FIRST PERSON
America Votes
Tears, joy and Barack Obama's victory
Last Updated: Tuesday, November 4, 2008 | 11:37 PM ET
Sherrilyn A. Ifill, Special to CBC News
Sherrilyn A. Ifill
Biography
Sherrilyn A. Ifill is a civil rights lawyer and law professor at the University of Maryland School of Law in Baltimore.
It sometimes happens that when something momentous is about to unfold — an event that I've anticipated with great excitement — I go numb. I remember when my daughter was born, I just kind of went blank for a few minutes. (OK, so it could have been the 36 hours of labour.)
But sometimes, it's just too much. When a million pictures and dreams from your past collide with a moment in the present and change your vision of the future, you sometimes need a moment.
And so it was tonight when Barack Obama was elected as the first African-American president in the history of the United States.
'Race men' and fierce pride
I was raised in a political family. My father, a social worker in Harlem, was one of those politically brilliant men who never run for office, but whose instincts and knowledge and energy for politics is stunning in its breadth and depth. He was also a race man.
In America, a race man is a black man who is fiercely proud of his race and deeply committed to the political, social and educational advancement of black people. Among black people, to call a man a "race man" is a compliment.

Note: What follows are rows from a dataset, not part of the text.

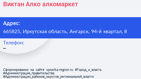 Виктан-Алко, алкомаркет по адресу 665825, Иркутская область, Ангарск, 94-й квартал, 8 в дальнейшем Организация, размещена в следующих категориях:
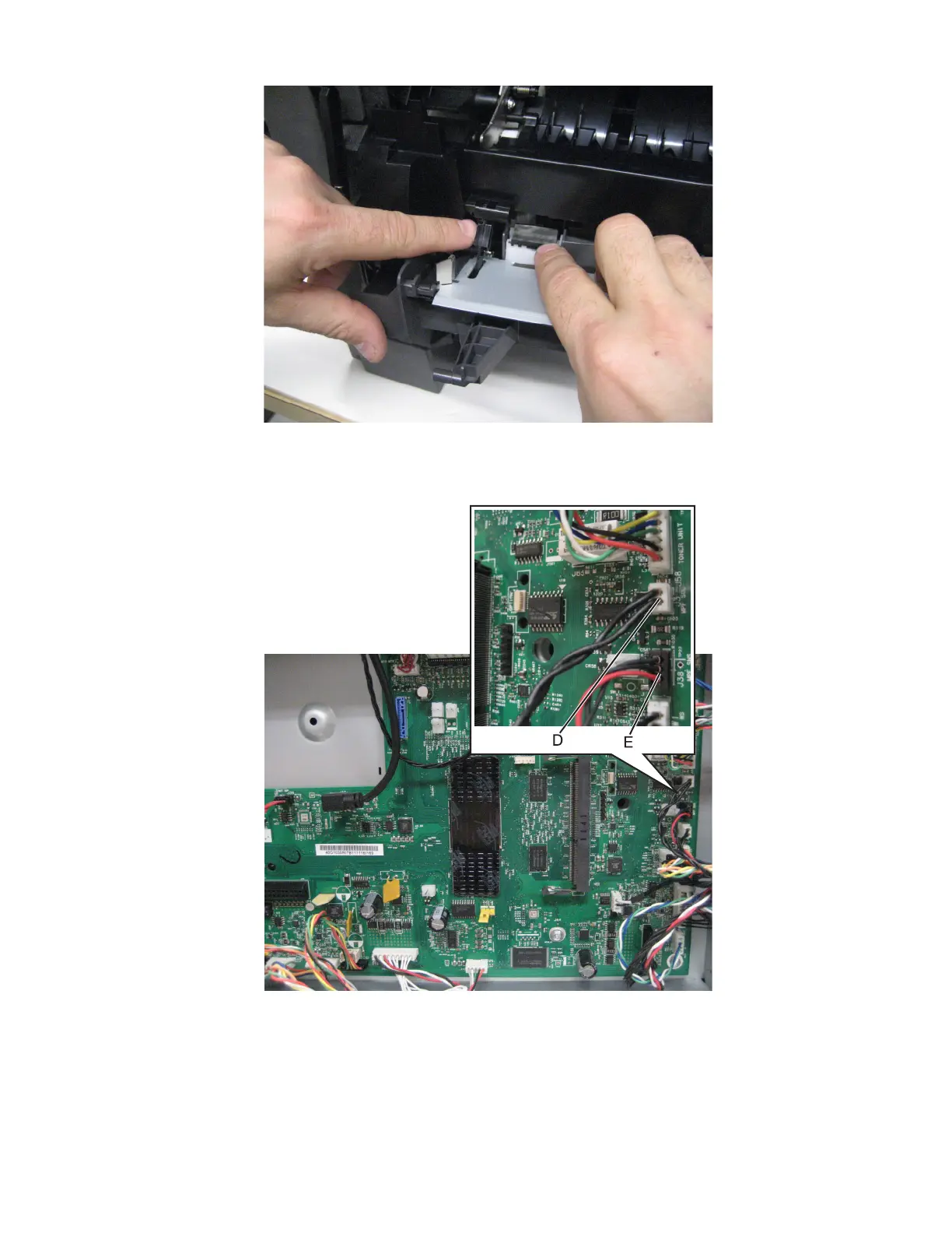 10 Disconnect the MPF feeder lift plate cable - J38 (E).
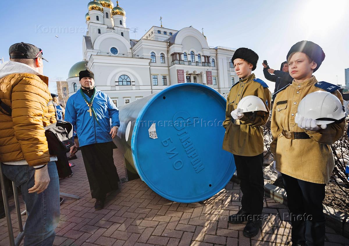 Церемония открытия выставки "За гранью возможного. Операция "Поток", посвященной воинской операции Вооруженных сил России по освобождению Суджи в Курской области, у Храма-памятника на крови во имя Всех Святых в земле Российской просиявших.
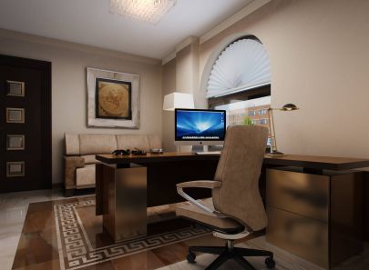 Интерьер кабинета повторяет основные дизайнерские решения. Здесь и орнаментальный плиточный «ковер» в центре комнаты, и обои с ромбами в качестве насыщенного цветового пятна, и античные полотна в широких рамах. Создана респектабельная, без излишнего пафоса обстановка для ежедневной работы, общения с партнерами.

This combination of fierce racial pride and political instinct and savvy made our house one where from our earliest years my siblings and I watched and dissected politics and grappled with issues of race and class.
I decided by the time I was 10 years old that I wanted to be a civil rights lawyer. My years spent litigating voting rights cases for a major civil rights organization were among the most professionally satisfying of my life.
I've worked for and with African-American voters for 20 years, advocating and pushing to ensure that the right to vote, so hard fought-for by our ancestors, would be fully realized. I lived through Jesse Jackson's 1984 and 1988 bids for the presidency, and the 2000 election, when so many black voters were disenfranchised by voter purges and malfunctioning machines, and finally by the Supreme Court's decision that ended the recount in Florida.
Emotions flow after decisive moment
And so, by 8:45 p.m. Tuesday night, when it became clear that by beating John McCain in both Pennsylvania and New Hampshire, Barack Obama was poised to become the first African-American president of the United States, my mind went blank.
And then the tears came.
The tears were not only for my father, who died years too early too see this day. My tears were for Fannie Lou Hamer, the great grassroots activist, who endured a brutal beating by a white sheriff in Mississippi in 1963 because she tried to register to vote. For Shirley Chisholm, the black congresswoman from New York with the gap-toothed smile, who ran for president in 1972. For Jesse Jackson, whose path-breaking runs for the White House first galvanized millions of white voters in support of a black presidential candidate.
My tears were tears of absolute joy — pride at this amazing accomplishment.
I'm not one who normally gets sentimental over black "firsts." For me, it isn't enough that Obama is just the first black president.
It's that he's shown himself to be a man of such tremendous brilliance, integrity and accomplishment. It's that he refused to bow, and refused to lower himself to meet so many of the unfair attacks hurled against him. That he remained disciplined and focused. That his love for his family is apparent in every moment we see him with them. That he is an exceptional man — of any race.
And I'm proud, so proud and heartened to see how readily so many whites — even those who otherwise regard themselves as racists — were willing to overcome their irrational fears and to vote for this amazing man.
Savouring the moment
But my tears, I realized, were also for my children. Not, as one might expect, because they will never have to face the kind of barriers, the kind of limited dreams that even my generation had to accept as part of our lives. But because I know that my children can never really appreciate what this day means.
In a world where the biggest musical stars are black, and my children have grown up surrounded by black congressmen and judges and university professors and doctors, how could they fully understand the breakthrough that Obama's election represents?
And so it is that the success of our struggles separates us forever from our children. We have known captivity in Egypt. They are children of the Promised Land. Perhaps that's a good thing. They are new people — 21st-century people. People for whom "race men" will seem a quaint relic.
And yet I know that the work is not finished. Tonight we — my children, my father, black people, white Americans, all Americans — have made a huge step. But it's only a step. A step that ironically will make it more difficult in many instances to convince people that there's still more work to be done to bring about racial equity and justice.
My tears are also perhaps for this truth. For the knowledge that the struggles will resume almost as quickly as the first joy fades.
But tonight, I'll just savour the joy.